これは LLVM を必要とするドライバを無効にしてしまう可能性があります。ハードウェアドライバに問題が発生するときは、以下の export を試して下さい:
$ export EGL_DRIVER=/usr/lib/egl/egl_gallium.so
Electronベースのアプリケーションでは、ディスプレイ::0を開けません
GDK_BACKEND = waylandを設定していないことを確認してください。グローバルに設定すると、Electronアプリが機能しなくなります。
動作が遅い、表示がおかしい、クラッシュする
Gnome-shell で X から Wayland に切り替えるとグラフィック表示に問題が発生することがあります。原因として Xorg ベースの gnome-shell 用に CLUTTER_PAINT=disable-clipped-redraws:disable-culling
が設定されている可能性があります。/etc/environment
などの rc ファイルから該当箇所を削除してみてください。
ゲームやリモートデスクトップ、仮想マシンウィンドウでの入力
Xorg と異なり、Wayland では入力デバイスを独占 (グラブ) することができません。キーボードショートカットやポインタデバイスをアプリケーションウィンドウに渡すのは Wayland コンポジタの役目となっています。

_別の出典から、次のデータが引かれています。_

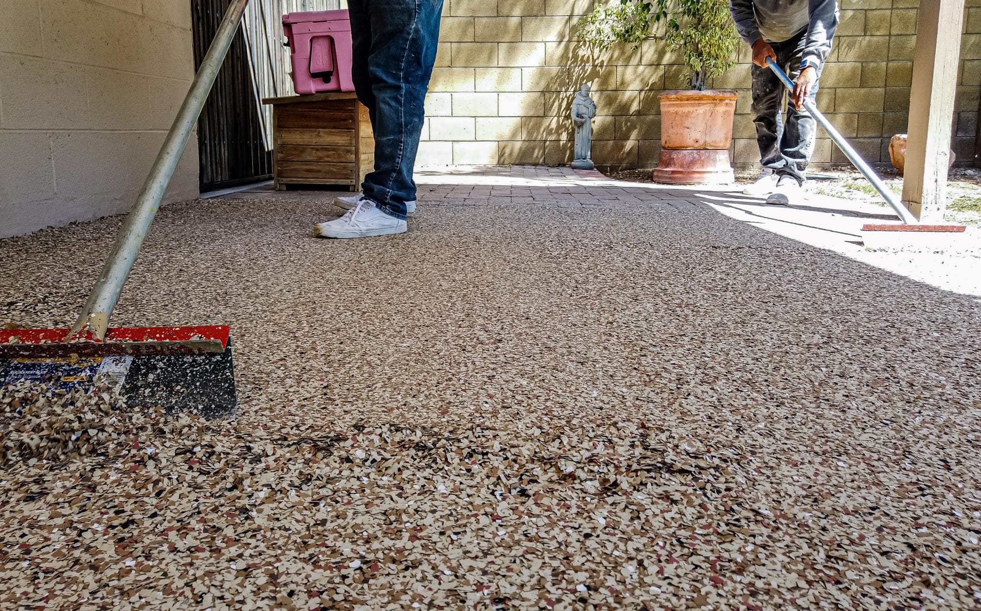 A polymer flake is generously hand broadcast providing even color & texture to the floor.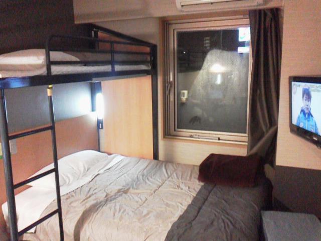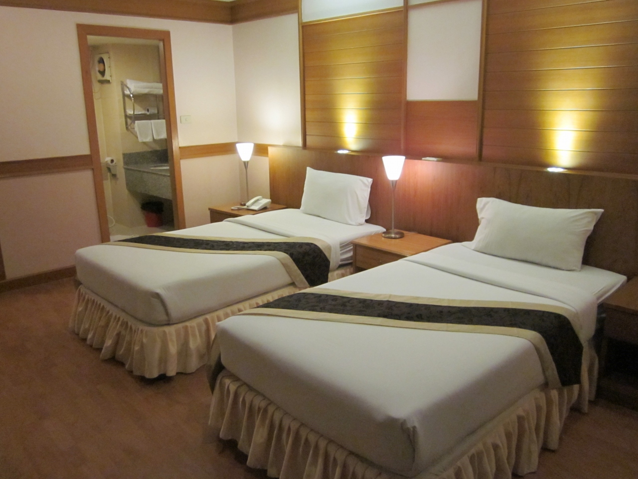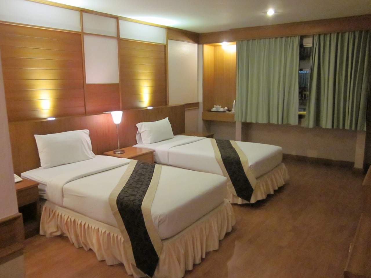 部屋はスタンダード・ツインで普通の広さで床はフローリング、壁はウッド調で間接照明を施した明るい感じです。ベッドや家具、ミニ冷蔵庫にテーブルデスクと椅子、大型液晶TVに湯沸しポットに至るまで新しい物が使われています。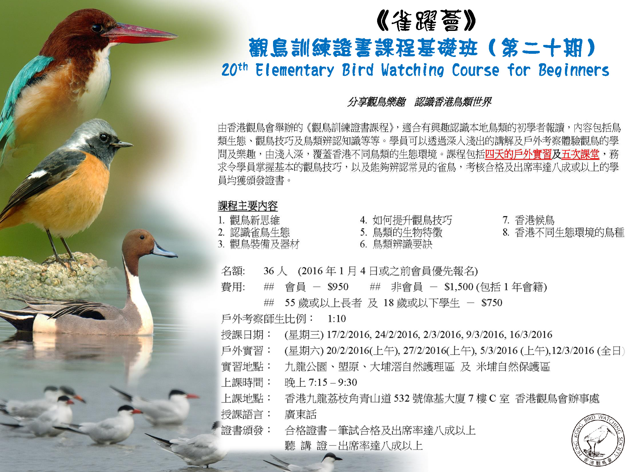 (滿Full)《雀躍薈》觀鳥訓練證書課程基礎班(第二十期)

入力グラブが変わったことで以下のように既存のアプリケーションで問題が発生します:
- ホットキーや修飾キーがコンポジタによって認識されてしまい、リモートデスクトップや仮想マシンのウィンドウに送信されなくなります。
- マウスポインタがアプリケーションウィンドウに制限されなくなるため、仮想マシンやリモートデスクトップのウィンドウ内のマウスポインタの位置がホスト環境のマウスポインタとずれるようになります。
Wayland と XWayland にプロトコル拡張を追加することで解決を図っていますが、Wayland コンポジタが拡張をサポートしている必要があり、ネイティブの Wayland クライアントの場合、ウィジェットツールキット (例: GTK, Qt) やアプリケーション自身が拡張に対応していなければなりません。
関連する拡張:
- XWayland keyboard grabbing protocol (XWayland のサポートは xorg-server 1.20 開発ツリーに追加されています [5])
- Compositor shortcuts inhibit protocol
- Relative pointer protocol
- Pointer constraints protocol
サポートしている Wayland コンポジタ:
サポートしているウィジェットツールキット:
- GTK (リリース 3.22.18 以上)。